A lot of boilerplate code would appear between handling transactions and making the actual underlying EVM calls from the sender's address, and even more boilerplate code would follow. How do we minimize this code as close to zero as possible?
One of the main pieces of code here is validate_transaction(state, tx)
, which is responsible for checking whether the transaction's nonce and signature are correct. From the very beginning, the actual goal of account abstraction was to allow users to replace the basic non-incremental validation and ECDSA validation with their own validation logic, making it easier for users to utilize features like social recovery and multi-signature wallets. Therefore, finding a way to restructure apply_transaction
as a simple EVM call was not merely a task of "cleaning up the code for the sake of cleanliness"; rather, it was about moving logic into the user's account code, providing the flexibility users needed.

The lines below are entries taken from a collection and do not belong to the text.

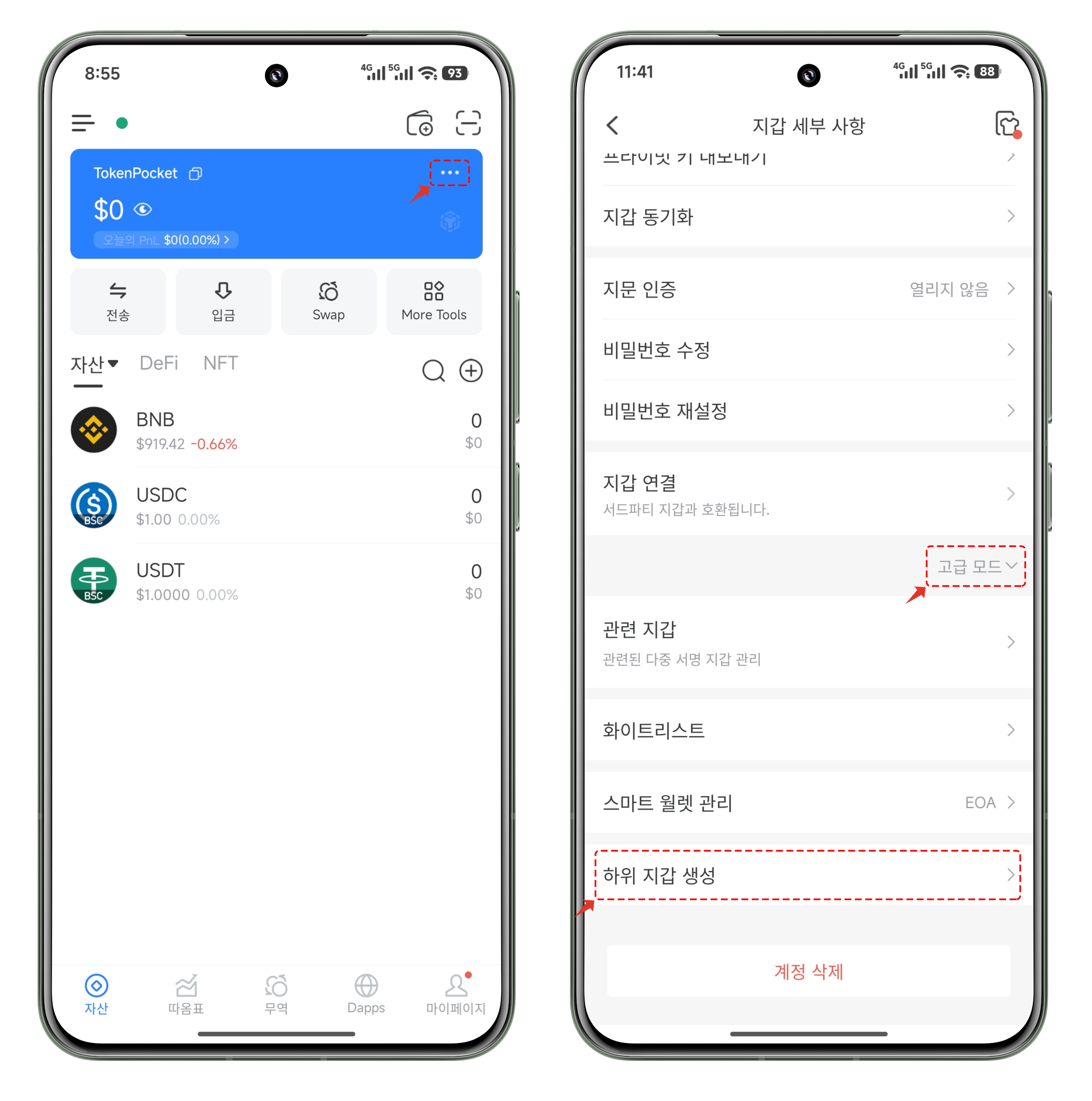 1. TokenPocket에서 BSC 지갑을 열고, 우측 상단 파란 카드의 “세부 정보”를 클릭합니다. 지갑 상세 페이지에서 “고급 모드”를 클릭한 후 “서브 지갑 생성”을 선택합니다.
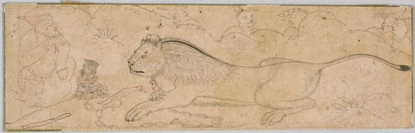 Curator: This is "Lion Tamer," attributed to Sadiqi Beg. It's a drawing, about 15 by 24 centimeters, currently residing at the Harvard Art Museums. Editor: It’s stark, isn’t it? That pale ground really throws the figures into sharp relief, like a dream half-remembered. I am interested in the dynamic of power shown here. Curator: Absolutely. There’s a tension to the composition—the tamer pulling, the lion resisting, or maybe playing along. I love the ambiguity. It feels like a very modern take on control. Editor: Or the illusion of control, certainly. Who is really leading whom, when we consider the long history of exploitation enacted upon wild animals. What does it mean to tame? Curator: Well, perhaps Sadiqi Beg is asking us to ponder that very question. I think the sketch-like quality adds to that. Nothing is fully resolved, which is exciting. Editor: Indeed. It leaves space for our own interpretations, inviting us to interrogate the social dynamics at play. Curator: Leaving us, perhaps, with more questions than answers. Editor: Which is always a good thing, right?
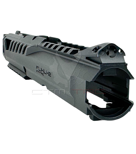 サメの形と美観からインスピレーションを得たデザインで、ロングとショートの 2 つのバージョンが レッドドットサイト用のスロットが含まれており、2 つの異なる仕様をサポートしています。 ピカティニーレールがあり、ウェポンライトなどの戦術的アクセサリを取り付けること ができます。

However, the practice of insisting that apply_transaction
contain as little fixed logic as possible ultimately brought many challenges. We can look at one of the earliest account abstraction proposals, EIP-86.
If EIP-86 were included as is, it would reduce the complexity of the EVM at the cost of significantly increasing the complexity of other parts of the Ethereum stack, requiring essentially the same code to be written elsewhere, not to mention introducing entirely new classes of quirks, such as the same transaction with the same hash appearing multiple times in the chain, let alone the issue of multiple invalidations.
The multiple invalidation issue in account abstraction. A transaction included on-chain could invalidate thousands of other transactions in the memory pool, making it easy for the memory pool to be flooded cheaply.
Since then, account abstraction has evolved in phases. EIP-86 later became EIP-208, which ultimately led to the practical EIP-2938.
However, EIP-2938 is not minimalist at all. Its contents include:
- New transaction types
- Three new global variables for transaction ranges
- Two new opcodes, including the very clunky PAYgas opcode for handling gas price and gas limit checks as EVM execution breakpoints, and temporarily storing ETH to pay fees in one go
- A set of complex mining and relaying strategies, including a list of opcodes prohibited during the transaction validation phase
To implement account abstraction without involving Ethereum core developers (who are focused on optimizing the Ethereum client and implementing the merge), EIP-2938 was ultimately restructured to be entirely protocol-external as ERC-4337.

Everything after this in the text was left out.